Obama the loner
Here’s an interesting article by Scott Wilson about Obama the loner.
It’s becoming clearer and clearer that Obama, unlike many presidents, is not a people person. He not only doesn’t have many friends but he doesn’t have many advisers, and those he has retained are the ones he’s had for many years. The portrait is of the man most of us have already seen: tight, distrustful, and cold.
Wilson quotes the White House as often saying during the administration’s first two years, “Good policy makes for good politics.” That may be at least partly true, although if you alienate enough powerful people you might have trouble pushing your policy even if it’s very good. The trouble with Obama’s policy is that it’s not good, as even liberals are starting to agree. Unlike conservatives, they may find it not radical (or steadfast) enough, but the common denominator is that Obama is lacking in both arenas, policy and people skills.
Wilson’s article is pretty easy on Obama; he seems to be an admirer who thinks Obama has a few flaws that might doom his campaign for a second term. But he correctly locates the moment when Obama really went wrong as when he abandoned any pretense of working on jobs for the unpopular push for Obamacare. Wilson never quite explains why Obama did this, if he’s so all-fired smart. But this wistful quote nicely illuminates the condescending know-it-all quality of this administration towards the little people:
“What if we proposed something that was actually popular?” one senior adviser who was not part of the campaign said a year into the administration. “There’s only so much spinach people are going to eat.”
But what if Obamacare isn’t spinach, it’s horse manure? What if the people can smell it a mile away? Maybe “popular” isn’t always “bad.” Maybe the people knew what the president’s priorities should have been, and maybe being responsive to them would have been both good policy and good politics.
The few friends he did have (who he has since dissociated with) were radicals. He’s managed to draw two popular uprisings, one from the left and one from the right. He campaigned on being all things to all people; instead he means nothing to everyone.

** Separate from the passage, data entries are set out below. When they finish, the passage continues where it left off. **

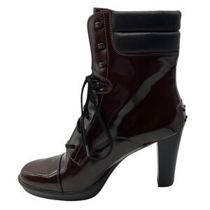 Tod's Dark Brown Patent Leather Lace Up Boots
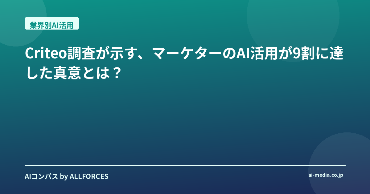 Criteo調査が示す、マーケターのAI活用が9割に達した真意とは? いやはや、最近のAIの進化には本当に目を見張るものがありますね。Criteoの最新調査で「マーケターの9割がAIを活用している」という結果が出たそうですが、正直、皆さんも「またAIか」と感じたかもしれませんね。私も最初は「ふむ、ついにここまで来たか」と、どこか冷静に受け止めていました。でも、この数字の裏には、私たちが想像する以上に深い変化が隠されているんですよ。 私がこの業界で20年近くAIの動向を追いかけてきた中で、75%以上の企業が「AI導入」という言葉に踊らされてきたのを見てきました。一時期は、AIというだけで投資が集まり、実態が伴わないプロジェクトも少なくありませんでした。しかし、今回のCriteoの調査「消費者とマーケターから見たAIエージェント:認知・活用意向に関する調査」は、単なるバズワードとしてのAIではなく、マーケティングという具体的なビジネス領域で、いかにAIが深く根付き始めているかを示しているんです。これは、シリコンバレーのスタートアップから日本の大企業まで、私が間近で見てきた数百社のAI導入事例の中でも、特に注目すべき転換点だと感じています。 調査結果を詳しく見ていくと、マーケターの実に93%がAIエージェントの活用に高い期待を寄せているというんですから、これはもう「期待」というより「確信」に近いレベルですよね。特に印象的だったのは、顧客理解を深めるための市場調査において、9割ものマーケターがAIを活用しているという点です。これまでの市場調査といえば、膨大なデータを手作業で分析したり、アンケート結果を統計的に処理したりと、時間と労力がかかる作業の連続でした。それが今や、AIがその重労働を肩代わりし、より深く、より多角的なインサイトを瞬時に引き出している。これは業務効率化の範疇を超え、戦略立案や意思決定支援といった、マーケティングの根幹をなす部分にまでAIが食い込んでいる証拠です。 考えてみてください。デジタル広告の世界では、日々膨大なデータが生成されています。ユーザーの行動履歴、購買パターン、ウェブサイトでの滞在時間、クリック率、コンバージョン率…これら全てを人間が手動で分析し、最適な広告戦略を立てるのは至難の業です。そこにAIが介入することで、パーソナライズされた広告配信、リアルタイムでのキャンペーン最適化、さらには未来のトレンド予測までが可能になる。例えば、Googleの広告プラットフォームやMetaの広告ツールでは、すでにAIがバックエンドで複雑なアルゴリズムを動かし、広告主のROI最大化に貢献しています。Adobeのマーケティングクラウド製品群も、AIを活用した顧客体験のパーソナライズを強力に推進していますよね。 もちろん、AI導入には課題も山積しています。データの質、プライバシー問題、そしてAIが導き出した結果を人間がどう解釈し、最終的な意思決定に繋げるかという「AIリテラシー」の問題も無視できません。正直なところ、AIが提示する「最適解」が、必ずしも人間の直感や経験と一致しないこともあります。そこをどうバランスさせるか、これは技術者にとってもマーケターにとっても、永遠のテーマになるでしょう。 では、この状況で投資家や技術者は何をすべきでしょうか?投資家の方々には、単にAIという言葉に飛びつくのではなく、どのAI技術が具体的なビジネス課題を解決し、持続的な価値を生み出しているのかを見極める目が必要です。特に、マーケティング領域に特化したAIソリューションを提供するスタートアップや、既存のマーケティングプラットフォームにAI機能を深く統合している企業には注目すべきでしょう。技術者の方々には、単にAIモデルを構築するだけでなく、そのモデルが実際のマーケティング現場でどのように活用され、どのようなビジネスインパクトを生むのかを理解することが求められます。例えば、自然言語処理(NLP)技術を使った顧客感情分析や、強化学習を用いた広告予算の最適化など、具体的な応用例を深く掘り下げていくことが重要です。 このCriteoの調査結果は、AIがマーケティングの「当たり前」になりつつあることを示唆しています。しかし、これはあくまで始まりに過ぎません。AIエージェントがさらに進化し、自律的にマーケティング活動を行う未来が来た時、私たちの仕事や役割はどのように変わっていくのでしょうか?そして、その変化に私たちはどう適応していくべきなのでしょうか?皆さんも、この問いについて、ぜひ一度じっくり考えてみてください。 私たちが直面しているのは、単なるツールの進化に留まらない、マーケティングのパラダイムシフトです。AIエージェントがさらに進化し、自律的にマーケティング活動を行う未来が来た時、私たちの仕事や役割はどのように変わっていくのでしょうか?そして、その変化に私たちはどう適応していくべきなのでしょうか? 個人的な見解としては、
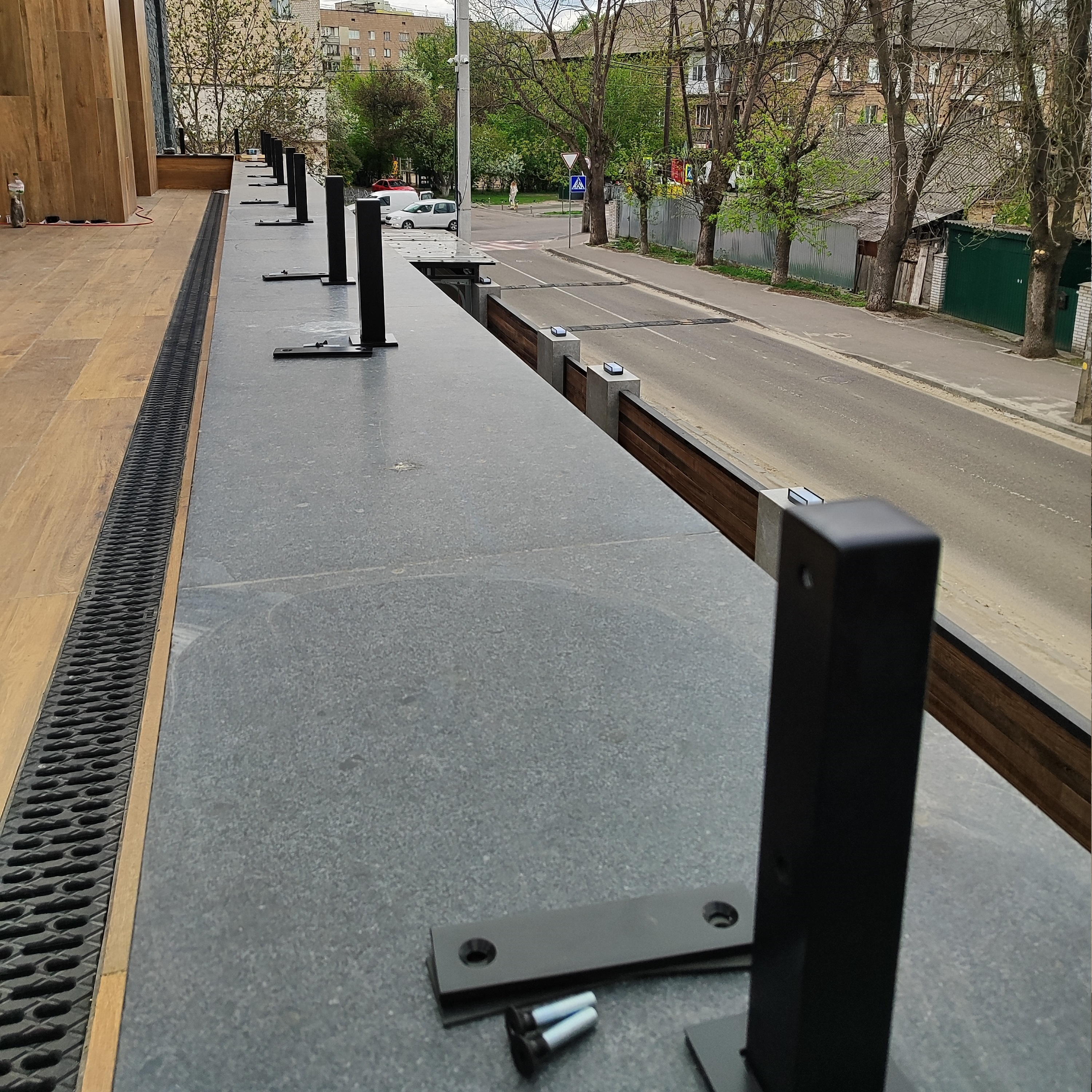 Чорні матові стійки та поручень виглядають максимально сучасно та ідеально підходять до фасадів у кольорах антрацит, білий, графіт, дерево або бетон. Порошкове фарбування забезпечує захист металу від корозії та стирання. Така система добре переносить зовнішню експлуатацію та довго зберігає естетичний вигляд.
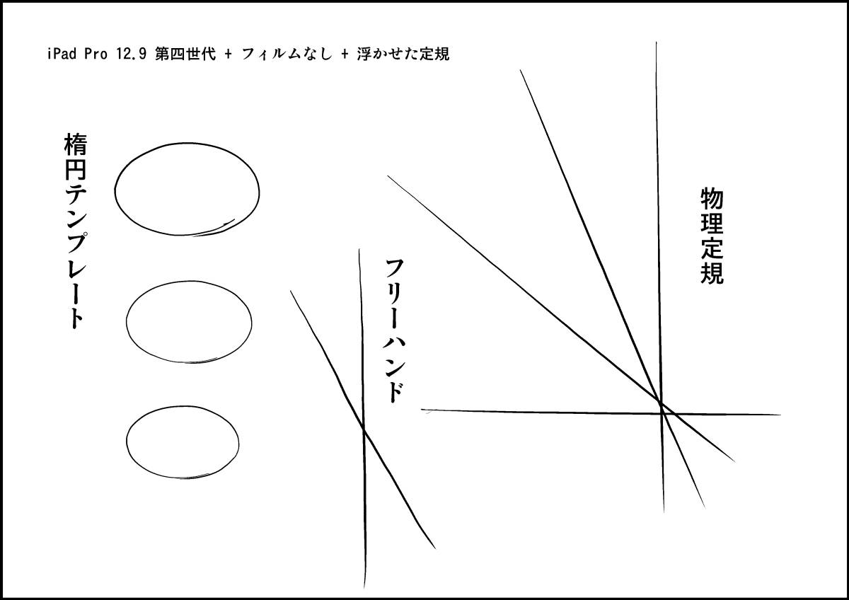 iPad Pro + Apple Pencil 2でも定規を浮かせて、ペン先に定規が触れない状態では、ゆっくり線を引いてもそれほど線が波打ちません。
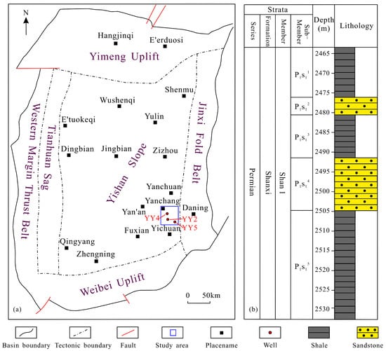 - Niu, X.B.; Yu, J.; Xu, W.L.; Wang, K.L.; Wen, X.Y.; Sun, Y.S.; Zhang, J.Y. Reservoir-forming geological conditions and exploration directions of Upper Paleozoic coal-rock gas in the Ordos Basin. Nat. Gas Ind. 2024, 44, 33–50. (In Chinese) [Google Scholar] [CrossRef]
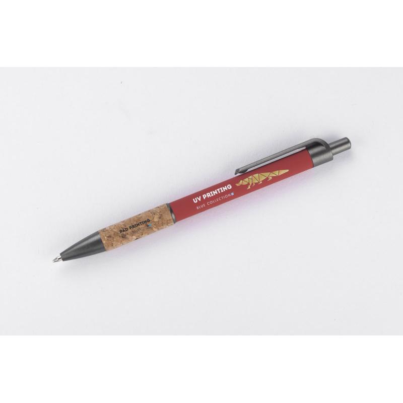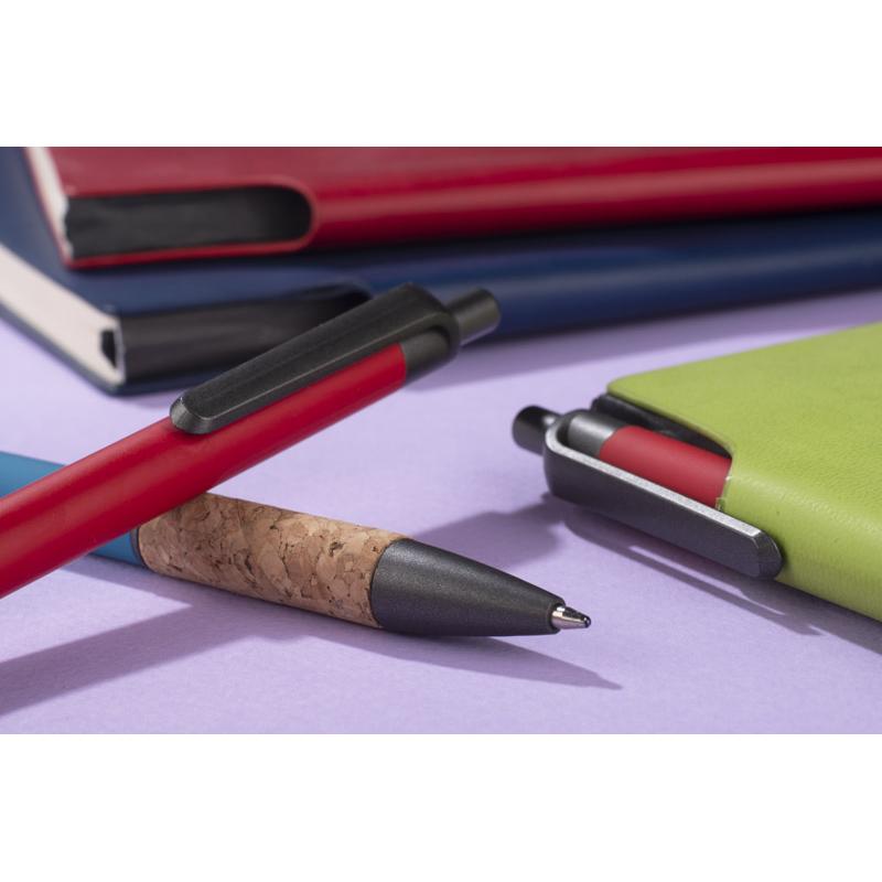 Długopis KUBOD to klasyczny model o prostym, eleganckim kształcie, idealny do znakowania. Aluminiowy korpus pokryty został matową powłoką soft touch, która zwiększa komfort użytkowania. Naturalny korek w części chwytnej przyciąga uwagę i wyróżnia produkt na tle standardowych modeli. Metaliczne akcenty z tworzywa dodają całości nowoczesnego charakteru. Długopis posiada mechanizm automatyczny i jest wyposażony w niebieski wkład typu X20 (wymienny, niedostępny w naszej ofercie).
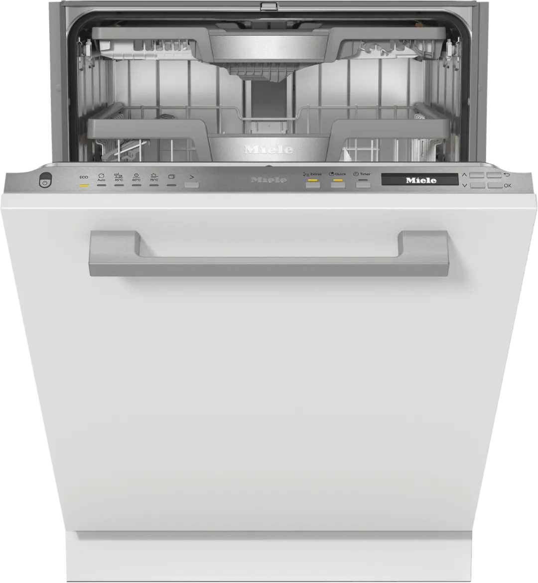 De Miele G 7297 SC Vi XXL wast je vaat stil, snel en energiezuinig. Deze extra brede vaatwasser biedt genoeg plek voor 14 couverts. De machine is met een geluidsniveau van 42 decibel een zeer stille vaatwasser. Hierdoor werk je ongestoord aan de keukentafel terwijl de machine zijn werk doet. De QuickPowerWash functie wast je vaat al schoon binnen 58 minuten. Maar je bespaart niet alleen op tijd. Dankzij energieklasse A bespaar je namelijk tot &euro: 300,- op je energiekosten. Is je zelfgebakken cake iets te hard gegaan? Geen zorgen. Plaats de cakevorm in de intensieve zone in de vaatwasser en deze wast hem helemaal schoon. Na het afwasprogramma opent de deur van de machine automatisch voor een goed droogresultaat.
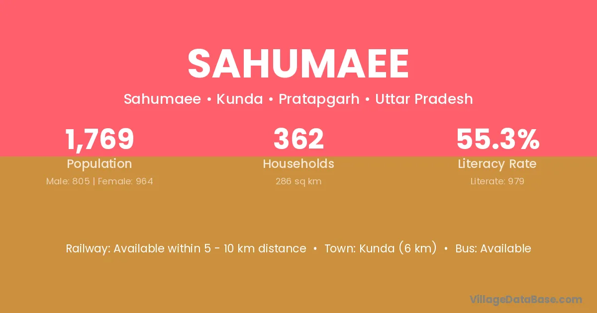 Sahumaee village has a total population of 1,769 people, of which 805 are males and 964 are females.

I think his wife likes him, though. Sort of.
I smell something and it ain’t spinach.
To add a bit to holmes comment, what type of person, or company, would put up with someone with Obama’s vanity or reality challenged view of the world? Only radicals, (read misfits and parasites) would accept such a flawed personality into their circles. And who would want to work for someone with such skewed attitudes. Neill Freguson summed O’s foreign policy advisers as second and third rate. So much for the smartest man ever to be president.
related-I just finished reading a few pages of Shirer’s The Nightmare Years. A particular part on how the German workers proved willing and happy to surrender their freedoms in return for full stomach was particularly unsettling. We should be very, very grateful Obama is such a fool.
Problem is he is the front man for people who aren’t fools.
It ain’t over ’til it’s over, Bob. Barack will not go quietly. Think a bit about how much damage can still be done, not just ‘twixt now and Nov 2012, but ‘twixt Nov 2012 and Jan 2013. Irremediable damage.
It keeps me up at night. We are aship in a Cat. 5 global hurricane, and the captain is a malevolent liar and nutjob. Since you brought up Adolf, I think there is one similarity he and Barack share: The Volk don’t deserve me, and I’ll just show ’em.
Problem is he is the front man for people who aren’t fools.
Bullseye.
from the article:
“Obama is, in short, a political loner who prefers policy over the people who make politics in this country work.”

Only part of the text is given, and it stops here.